### Activity
One range is to be output from the listing below, exactly as written: the line with "מתחם ביג פאשן" to the line with "The classic gingham", both kept.

*** Supplied entries Section Begins ***

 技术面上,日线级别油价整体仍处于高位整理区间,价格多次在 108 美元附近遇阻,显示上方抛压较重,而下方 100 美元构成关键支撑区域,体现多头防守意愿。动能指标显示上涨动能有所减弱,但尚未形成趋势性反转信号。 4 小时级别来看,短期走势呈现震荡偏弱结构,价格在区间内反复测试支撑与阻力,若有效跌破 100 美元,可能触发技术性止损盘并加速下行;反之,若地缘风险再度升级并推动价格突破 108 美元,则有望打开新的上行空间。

*** Supplied entries Section Ends ***
*** Supplied entries Section Begins ***

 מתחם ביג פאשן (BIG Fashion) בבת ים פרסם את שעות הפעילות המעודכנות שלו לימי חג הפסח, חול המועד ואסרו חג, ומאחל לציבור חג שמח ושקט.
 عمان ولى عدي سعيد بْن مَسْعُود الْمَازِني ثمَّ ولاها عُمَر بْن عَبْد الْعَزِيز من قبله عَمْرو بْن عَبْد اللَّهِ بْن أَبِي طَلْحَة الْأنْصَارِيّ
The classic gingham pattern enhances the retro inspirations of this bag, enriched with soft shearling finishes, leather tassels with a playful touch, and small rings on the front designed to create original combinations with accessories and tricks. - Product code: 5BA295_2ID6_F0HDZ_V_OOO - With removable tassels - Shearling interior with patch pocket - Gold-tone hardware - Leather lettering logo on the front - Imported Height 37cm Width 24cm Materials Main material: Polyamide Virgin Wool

*** Supplied entries Section Ends ***

### Exercise result
 מתחם ביג פאשן (BIG Fashion) בבת ים פרסם את שעות הפעילות המעודכנות שלו לימי חג הפסח, חול המועד ואסרו חג, ומאחל לציבור חג שמח ושקט.
 عمان ولى عدي سعيد بْن مَسْعُود الْمَازِني ثمَّ ولاها عُمَر بْن عَبْد الْعَزِيز من قبله عَمْرو بْن عَبْد اللَّهِ بْن أَبِي طَلْحَة الْأنْصَارِيّ
The classic gingham pattern enhances the retro inspirations of this bag, enriched with soft shearling finishes, leather tassels with a playful touch, and small rings on the front designed to create original combinations with accessories and tricks. - Product code: 5BA295_2ID6_F0HDZ_V_OOO - With removable tassels - Shearling interior with patch pocket - Gold-tone hardware - Leather lettering logo on the front - Imported Height 37cm Width 24cm Materials Main material: Polyamide Virgin Wool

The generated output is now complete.